Authors: John I. McConnell JohnMcCo@microsoft.com,
F. Avery Bishop
AveryB@microsoft.com, David Brown DBrown@microsoft.com
Majd Abbar A-MajdA@microsoft.com, Ronen Yacobi A-RonenY@microsoft.com
18-Nov-1997
This memo describes a proposal to change the bidirectional category of the SOLIDUS character in the Unicode 2.0 character database. Specifically, it would change the category from European Separator to Common Separator. The effect of this change is to alter the visual order of text containing SOLIDUS and text from right-to-left writing systems such as Arabic and Hebrew. The overall intent of the proposal is to better match such behavior with user expectations and existing practice.
If the Consortium accepts the proposal, it would also require changing the entries in Table 3-5 on page 3-17 and Table 4-4 on page 4-11 of the Unicode Standard. Note that there are no changes required to the Unicode bidirectional algorithm itself.
With the introduction of the first Unicode-based software in the Middle East, users now have some experience with conversion of existing data to Unicode. Although the transition has been smooth, there have been some difficulties with fractions.
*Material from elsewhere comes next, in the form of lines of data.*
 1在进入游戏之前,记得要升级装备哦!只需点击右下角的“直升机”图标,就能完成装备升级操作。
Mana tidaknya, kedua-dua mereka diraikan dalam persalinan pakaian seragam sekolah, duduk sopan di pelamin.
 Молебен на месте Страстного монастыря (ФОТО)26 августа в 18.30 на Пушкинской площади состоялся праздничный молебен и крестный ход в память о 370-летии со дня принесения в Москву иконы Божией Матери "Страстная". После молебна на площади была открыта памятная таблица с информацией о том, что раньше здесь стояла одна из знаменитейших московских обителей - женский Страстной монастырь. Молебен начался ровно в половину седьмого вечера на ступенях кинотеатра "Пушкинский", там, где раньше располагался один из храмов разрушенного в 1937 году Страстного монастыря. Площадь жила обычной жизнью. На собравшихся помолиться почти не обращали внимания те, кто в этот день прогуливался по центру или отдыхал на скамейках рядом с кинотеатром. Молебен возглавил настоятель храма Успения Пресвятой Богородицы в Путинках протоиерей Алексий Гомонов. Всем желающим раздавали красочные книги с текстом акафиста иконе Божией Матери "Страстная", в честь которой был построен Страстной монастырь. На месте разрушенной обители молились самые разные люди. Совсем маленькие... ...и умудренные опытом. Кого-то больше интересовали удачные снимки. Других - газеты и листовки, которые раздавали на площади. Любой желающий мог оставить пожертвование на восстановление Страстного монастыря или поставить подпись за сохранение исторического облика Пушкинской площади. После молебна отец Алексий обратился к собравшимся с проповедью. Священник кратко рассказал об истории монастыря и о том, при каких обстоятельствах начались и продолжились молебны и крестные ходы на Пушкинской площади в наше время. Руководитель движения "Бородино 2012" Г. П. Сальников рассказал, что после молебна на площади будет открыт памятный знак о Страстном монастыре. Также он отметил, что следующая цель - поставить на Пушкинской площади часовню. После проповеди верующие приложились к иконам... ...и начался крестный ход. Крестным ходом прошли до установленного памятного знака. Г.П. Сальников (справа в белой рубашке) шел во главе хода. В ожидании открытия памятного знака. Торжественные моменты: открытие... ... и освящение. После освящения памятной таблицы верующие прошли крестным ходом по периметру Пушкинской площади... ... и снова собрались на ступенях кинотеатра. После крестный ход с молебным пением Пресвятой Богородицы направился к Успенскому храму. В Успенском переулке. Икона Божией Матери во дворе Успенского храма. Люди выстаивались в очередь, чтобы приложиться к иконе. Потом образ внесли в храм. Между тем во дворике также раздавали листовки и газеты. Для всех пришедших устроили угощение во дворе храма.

This section shows the effect of the proposed changes on two important cases: fractions and dates. In each test case we follow the same conventions as the Unicode 2.0 book, that is, uppercase letters correspond to strong right-to-left characters whereas lowercase letters correspond to strong left-to-right characters. In addition, we have also included examples using Arabic and Hebrew text. In all the examples except as noted, the embedding level is right-to-left. Results that differ from the current values in Unicode 2.0 are shaded.
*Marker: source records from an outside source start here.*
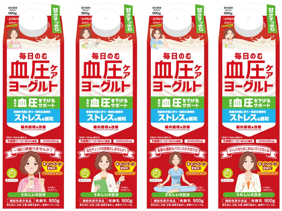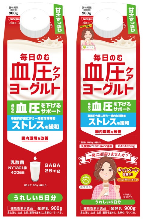 ■対象商品:「毎日のむ血圧ケアヨーグルト」通常パッケージ、『あすけん』AI栄養士未来さんコラボパッケージ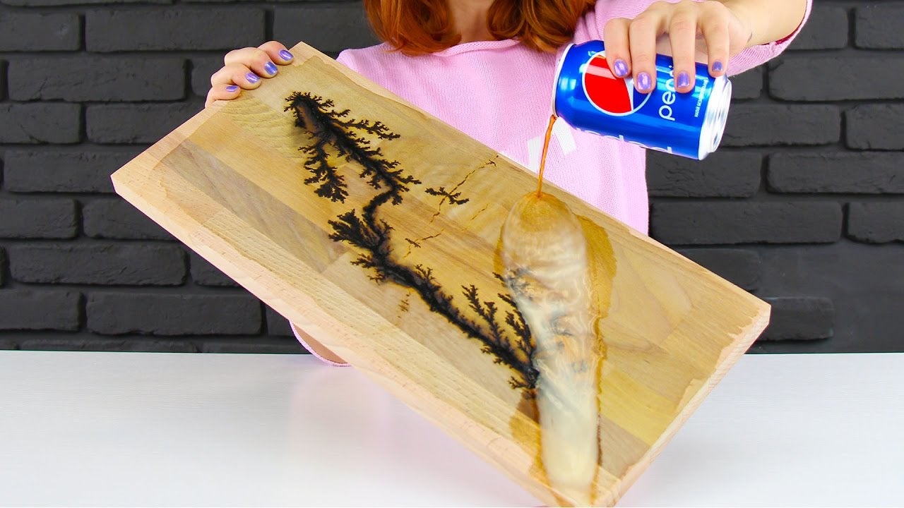The next time you accidentally spill soda, or water, plus a little baking soda on one of your cutting boards, don’t complain about having to clean it up. Instead, tear the safety cover off your microwave and use it as a high-voltage power source to etch a cool lightning pattern into the mess.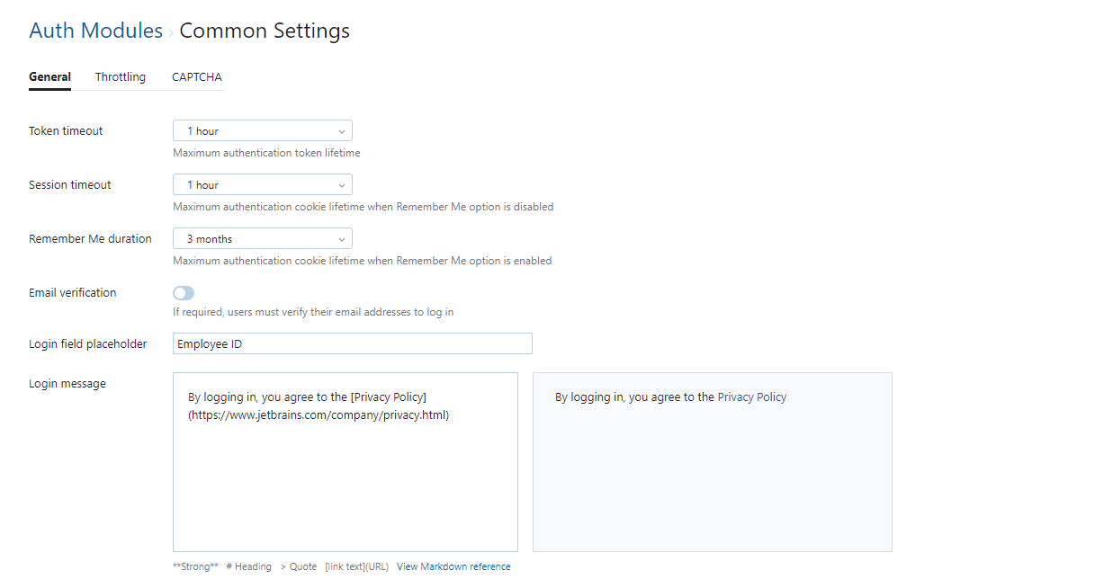 Login message | Adds a message to the login page for your YouTrack Standalone installation. Use this, for example, to provide a link to legal documents that describe how you manage personal data that is stored in the application. This setting supports the standard Markdown implementation as described in the the CommonMark specification. Many of the extensions that are supported in issue fields are not available here. For details, see Markdown Syntax. |
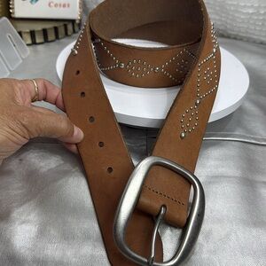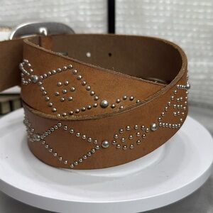 (H) Banana Republic Tan Silver Studded Leather Belt, Size S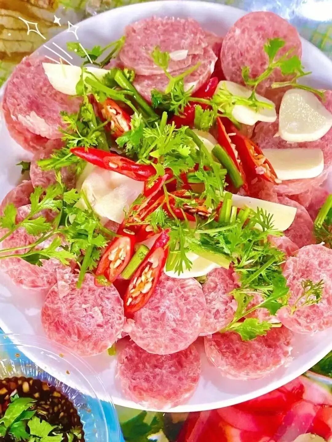 腌制完成的酸肉,颜色粉嫩、味道爽口,对于初次尝试傣族酸肉的食客来时,第一口酸肉就是一次挑战。用酸肉蘸取芥末酱油,搭配新鲜蒜片、小米椒和小芫荽一起入口,让食客一瞬间感受酸、辣、鲜香的刺激三重奏。若实在吃不惯生酸肉的食客,也可将酸肉进行蒸煮或与其他菜一起炒制,感受酸肉独特味道带来的不一样惊喜。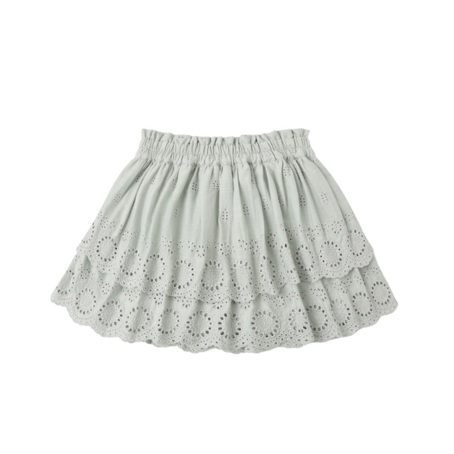The Rose Mini Skirt from Rylee + Cru features a soft seafood color with delicate eyelet details and a tiered silhouette. Designed with a comfortable elastic waistband, this skirt pairs perfect with the matching Swing Top for effortless outfits.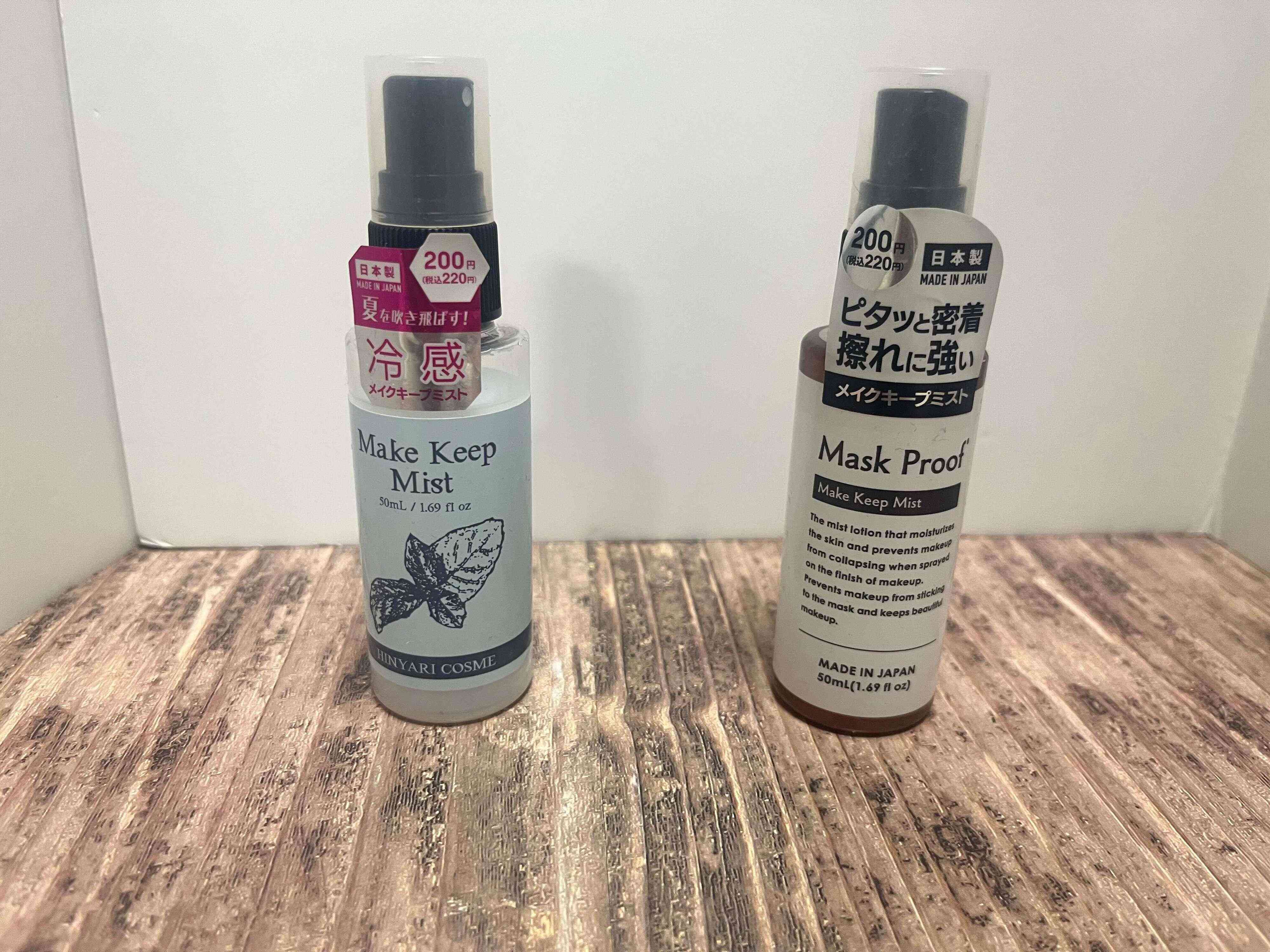 写真右が、今まで愛用していた「メイクキープミスト」。メイクの仕上げに、顔にスプレーすると崩れにくくなるという、マスク生活にありがたいミスト。220円商品ですが、安心の「日本製」で、手放せない1品となっていました。

The proposed change effects only the resolution of weak neutrals in steps P0 through P5 of the Unicode Bidirectional Algorithm. This limits the changes of behavior to cases where SOLIDUS is adjacent to numbers.
Table 2 Fractions
Logical Order |
Current Visual Order |
Proposed Visual Order |
ADD 1/2 CUP (Arabic) |
PUC 2/1 DDA |
PUC 1/2 DDA |
ADD 1/2 CUP (Hebrew) |
PUC 1/2 DDA |
PUC 1/2 DDA |
There are many date formats but the proposed changes would affect one frequently used form.
Table 3 Dates
Logical Order |
Current Visual Order |
Proposed Visual Order |
MEET ON 01/23/45 (Hebrew) |
01/23/45 NO TEEM |
01/23/45 NO TEEM |
MEET ON 01/23/96 (Arabic) |
96/23/01 NO TEEM |
01/23/96 NO TEEM |
Without explicit formatting, it is impossible for both dates and fractions to display properly. Although the date change is undesirable, our users would prefer to have fractions correct rather than dates. There seem to be several reasons for this preference:
Although there are some tradeoffs, the authors believe that this proposal would more closely match user expectations for visual order of right-to-left text and expedite the development of software for regions that use such text. This improvement would promote the acceptance of Unicode for an important emerging software market.
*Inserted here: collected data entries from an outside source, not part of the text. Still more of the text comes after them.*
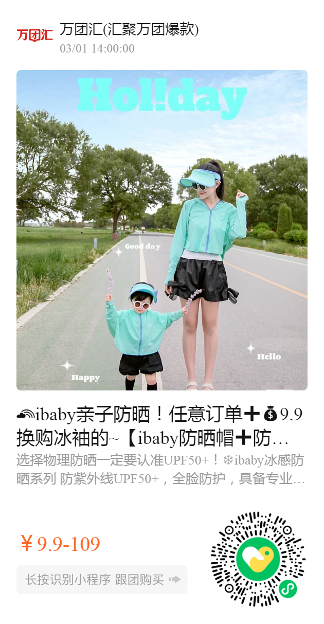 ibaby亲子防晒!任意订单➕9.9换购冰袖的~【ibaby防晒帽➕防晒衣➕防晒冰袖】,89%锦纶➕11%氨纶,李佳琦、老爸测评推荐、董璇推荐 / 夏日防晒必备,多重黑科技 释放防晒源动力,‼️真正抵御紫外线UPF>50+,防晒亲子装回头率不要太高💕!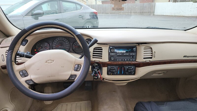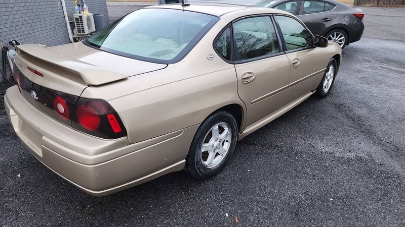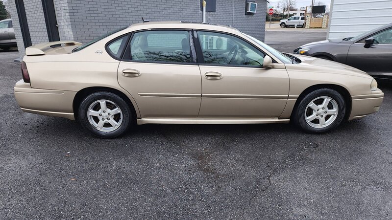 2005 Chevrolet Impala LS in Sandstone Metallic with a Neutral cloth interior, powered by a 3.8L V6 (200 hp, 225 lb-ft) paired with a 4-speed automatic and front-wheel drive. Factory equipment includes air conditioning, cruise control, tilt steering, power windows and door locks with remote keyless entry, power mirrors, AM/FM stereo with CD player, 60/40 split-folding rear seat, cloth upholstery, rear window defogger and standard safety features such as dual front airbags and child seat anchors. Vehicle has excellent mileage — under 126,000 miles.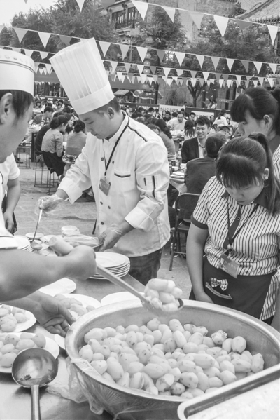 10月4日,在滕州微山湖古镇,厨师在为游客准备土豆盛宴。当日,微山湖古镇将本土土豆与长街宴相结合,打造首届微山湖古镇千人土豆宴,游客在欣赏动人的歌声和优美的舞蹈中,尽情品味土豆的香甜。

Proposed Correction to Mirroring List
Both Unicode 2.0 and ISO 10646 define a normative list of mirrored characters. We believe that four characters have been omitted from these lists. Specifically, the four characters in Table 1 should be added to the lists of characters with the mirroring property.
Code Point |
Glyph |
Unicode 2.0 Name |
0x00AB |
« |
LEFT-POINTING DOUBLE ANGLE QUOTATION MARK |
0x00BB |
» |
RIGHT-POINTING DOUBLE ANGLE QUOTATION MARK |
0x2039 |
‹ |
SINGLE LEFT-POINTING ANGLE QUOTATION MARK |
0x203A |
› |
SINGLE RIGHT-POINTING ANGLE QUOTATION MARK |
Although the use of these characters varies, the mirroring behavior is unambiguous. For example, those printing traditions that use the left-pointing quotation mark to begin a left-to-right quotation use the right-pointing quotation mark to begin a right-to-left quotation and vice versa.
This correction would also reconcile the mirroring behavior of these characters with their cross-referenced characters such as 0x226A MUCH LESS THAN and 0x300A LEFT DOUBLE ANGLE-BRACKET. All of these related characters are listed as mirroring.
The effect of the correction would be to add these four characters to table 4-7 in the Unicode 2.0 book.